The students of ARHI 270 would like you, the visitors to "Portraits at Augustana: Who's Here? Who's Missing?", currently on display on the third floor of Tredway Library, to add an example of a portrait that you feel will add to the diversity of the exhibition. You are welcome to select a work by a well known artist, or perhaps submit something that you have created! Just please be sure to credit your sources. Please respond to all questions listed on the form with the portrait submission.
The first African-American presidential couple chose African-American artists Kehinde Wiley and Amy Sherald to paint their official presidential portraits for the National Portrait Gallery. Sherald portrays former First Lady Michelle Obama in a manner typical of her portraiture: with gray-toned skin (a way to move beyond seeing race as color), a direct stare at the viewer, and the body reduced to a bold geometry set against a solid, brightly-colored background. Obama projects a cool, elegant confidence in what is arguably the most famous portrait of a First Lady to date. Artist’s website: http://www.amysherald.com/ National Portrait Gallery object page: https://npg.si.edu/object/npg_NPG.2018.15
Deborah Roberts’s portrait of Trayvon Martin, titled One of Many, graces the cover of the February 2022 issue of New York Magazine, a special issue dedicated to the first decade of the Black Lives Matter movement, catalyzed by Martin’s murder in 2012. Roberts is a mixed-media artist whose recent work has featured young Black children, especially Black boys, who are often perceived as criminals and sometimes killed as a result. Roberts uses found and manipulated images to create her portraits that speak to the imagined, nuanced, and often fragmented identities Black children in America must lead. Artist’s website: http://www.deborahrobertsart.com/ New York Magazine special issue: https://nymag.com/article/black-lives-matter-2022.html
Kehinde Wiley is known for recreating “Old Master” portraits with black and brown men that he recruits from the urban environment. He retains the realism, luxury, and glory often associated with these older portraits for his new sitters to impart the similar principles of heroism and grandeur, while also disrupting long-established ideals of masculinity, power, and privilege. In this portrait, Wiley draws on Jacques-Louis David’s original portrait of Napoleon on horseback from 1803. Wiley’s portrait features a Black man with tattoos and wearing contemporary street attire. The common African-American surname WILLIAMS appears on the rocks along with those of well-known names of rulers in Western history. Tiny representations of sperm fill the sumptuous textile background seemingly to mock the often hyper-masculine nature of portraits of leaders.
Artist’s website: https://kehindewiley.com/
See also: https://smarthistory.org/kehinde-wiley-napoleon-leading-the-army-over-the-alps-2/
fter first learning about the mass graves holding the remains of 215 indigenous children at the Kamloops Residential School, self-taught artist from the Qayqayt First Nation in British Columbia Johnny Bandura began making portraits of “what these children could have become.” These comic-inspired portraits, visually arresting with the wide-eye stares and bold yellow, green, red, and black and white, depict a variety of future possibilities for these children: hunter, medicine woman, judge, nurse, hockey player, to name a few. Initially conceived as individual portraits, the paintings are now displayed together as a mural to communicate the larger tragedy of what happened at Kamloops. These portraits, derived from Bandura’s imagination rather than an encounter with an individual, are not likenesses in the traditional sense, but still serve portraiture’s traditional role of commemoration–in this case, lives lost too soon.

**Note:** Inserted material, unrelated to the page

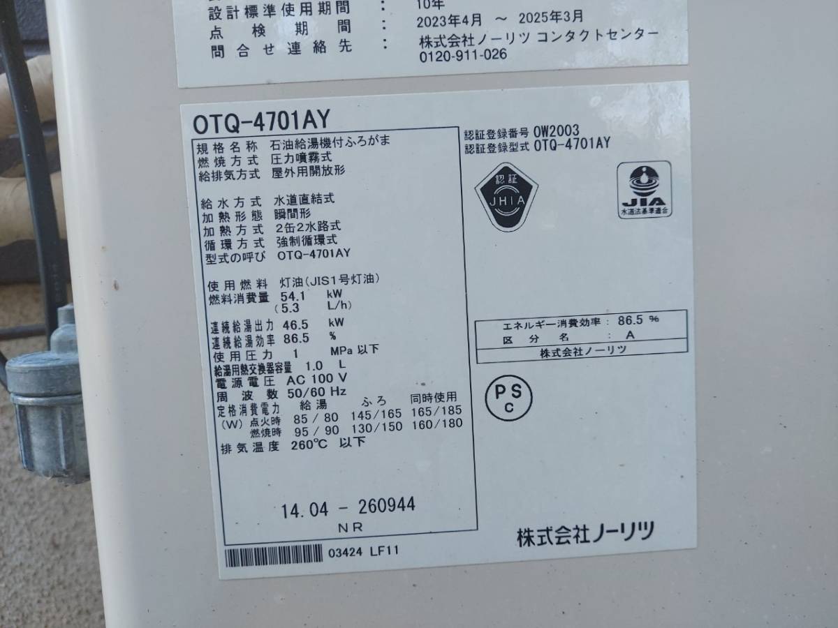 • ノーリツ 石油給湯器

The art of Wendy Red Star engages with past representations and perceptions of Native Americans through a variety of media. This photographic self portrait series she did with her daughter deals with the passage of knowledge and cultural identity through the generations. Red Star and Beatrice wear traditional apsáalooke elk–tooth dress. By depicting herself and her daughter together, boldly engaging with the viewer, in strikingly vivid colors, Red Star challenges the traditional representations of Native American women usually shown passive, alone or with a man, and in sepia tones that evoke a sense of a remote past (see the Edward Curtis photos in this exhibit.). In this double self-portrait, Red Star presents Native American culture, and women in particular, as modern, enduring, and strong.
In the portrait series Faces and Phases (2006-2016), South African photographer and visual activist Zanele Muholi directed their attention to the Black lesbian, gender non-comforming, and trans community in South Africa. Despite rights granted to LGBTQ+ individuals in the South African constitution, they are still often subjected to discrimination and acts of violence. According to Muholi, “Just existing daily is political in itself,” and thus they use portrait photography as a way to validate the existence of Black queer South Africans.